Kalulu reflektiert über seine Rolle beim AC Mailand und deutet offensive Ambitionen an
Der Verteidiger des AC Mailand, Pierre Kalulu, hat seine Freude über die Erfüllung der taktischen Vorgaben von Trainer Luciano Spalletti, nach vorne zu stoßen, zum Ausdruck gebracht, nach einem spannungsgeladenen 0:0-Unentschieden gegen Juventus im San Siro. Der französische Nationalspieler analysierte nach dem Spiel gegenüber DAZN seine eigene Leistung in einem Spiel mit wenigen klaren Torchancen, das Juventus mit drei Punkten Vorsprung an der Spitze der Serie A ließ. Obwohl das Spiel selbst kaum Höhepunkte bot, mit einem aberkanntem Tor von Marcus Thuram und einem Lattentreffer von Alexis Saelemaekers als den besten Chancen beider Mannschaften, lieferten Kalulus Kommentare nach dem Spiel Einblicke in seine sich entwickelnde Rolle.
Kalulu räumte persönliche Enttäuschung über seinen offensiven Beitrag an diesem Abend ein. „Ich war der Erste, der auf dem Platz enttäuscht war, weil ich mich nicht in Positionen brachte, um Flanken zu schlagen: Ich hatte zu wenige Situationen“, sagte er. Der Verteidiger blickte jedoch positiv in die Zukunft und erklärte: „Die Vorlagen spare ich mir für die nächsten Spiele auf.“ Seine Bemerkungen unterstreichen einen Spieler, der sich der modernen Aufgaben eines Außenverteidigers bewusst ist, offensiv beizutragen, selbst in einem hart umkämpften Spiel gegen einen Top-Rivalen.
Der 23-Jährige ging auf die taktische Herausforderung ein, die Massimiliano Allegris Juventus stellte, und hob ihre organisierte Defensive und ihre gefährliche Konterdrohung durch Spieler wie Adrien Rabiot hervor. Kalulu erklärte das heikle Gleichgewicht, das er und seine Mitverteidiger finden mussten. „Wir Verteidiger sind nach vorne gegangen, aber ohne zu viel Platz hinten zu lassen“, sagte er und räumte ein, dass es notwendig ist, den Angriff zu unterstützen und gleichzeitig gegen schnelle Übergänge wachsam zu bleiben.
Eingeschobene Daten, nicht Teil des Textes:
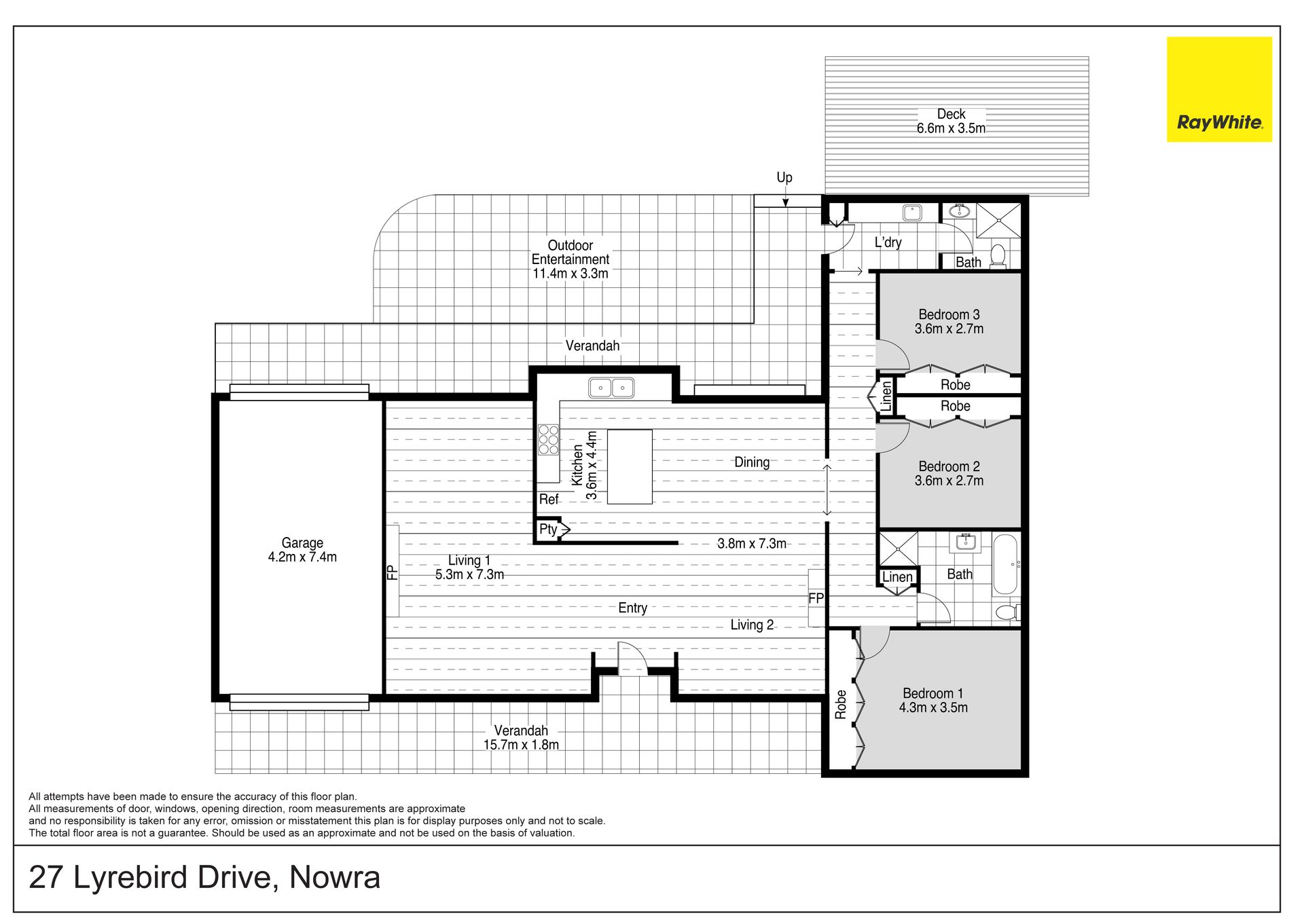 • Three generously sized bedrooms with built-in robes. • Family sized bathroom with bath, multifunction shower heads and heated towel rails. • Additional guest bathroom.
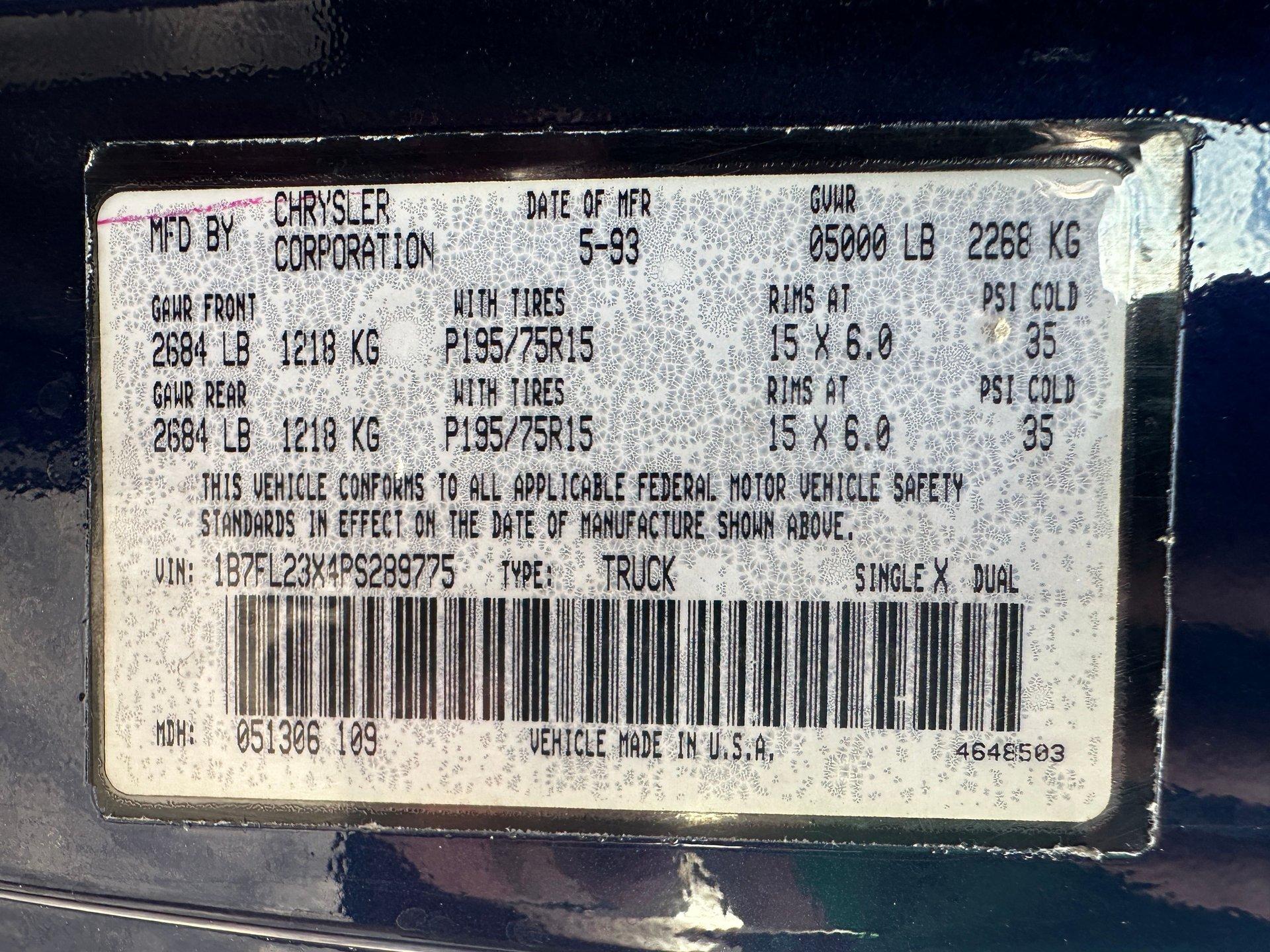 - VIN Code1B7FL23X4PS289775

Diese Analyse unterstreicht den strategischen Schachzug, der das Unentschieden zwischen den beiden italienischen Giganten prägte.
Am aussagekräftigsten waren Kalulus Kommentare zur Annahme von Spallellis spezifischer Anweisung, eine fortgeschrittenere Position einzunehmen. „Es macht mir viel Spaß, so zu spielen“, enthüllte er. „Ich spiele in jedem Spiel anders: Seit du ein Kind bist, spielst du, um anzugreifen, nach vorne zu gehen macht mir Spaß, ich glaube, ich kann den Unterschied machen. Es hat Spaß gemacht und war einfach zu akzeptieren.“ Dieser Enthusiasmus für eine offensive Aufgabe, selbst von einem defensiven Ausgangspunkt aus, stimmt mit Spallellis Philosophie überein und deutet darauf hin, dass Kalulu eine willige und anpassungsfähige Komponente des Systems des Trainers ist.
Nach seinem Wechsel von Lyon zum AC Mailand im Jahr 2020 hat sich Kalulu zu einer vielseitigen und zuverlässigen Größe entwickelt, die sowohl als Innenverteidiger als auch als Rechtsverteidiger eingesetzt werden kann. Seine Reflexionen nach dem Spiel gegen Juventus deuten auf einen Spieler hin, der auf kontinuierliche Verbesserung und die Erweiterung seines Einflusses auf die Spiele konzentriert ist. Obwohl die unmittelbaren Transferimplikationen minimal sind, könnte seine öffentliche Akzeptanz einer progressiven, offensiv ausgerichteten Rolle seine Bedeutung für Spallellis Projekt beim AC Mailand festigen und möglicherweise die Planung des Vereins in zukünftigen Transferfenstern beeinflussen, da er Spieler sucht, die zu diesem proaktiven Spielstil passen.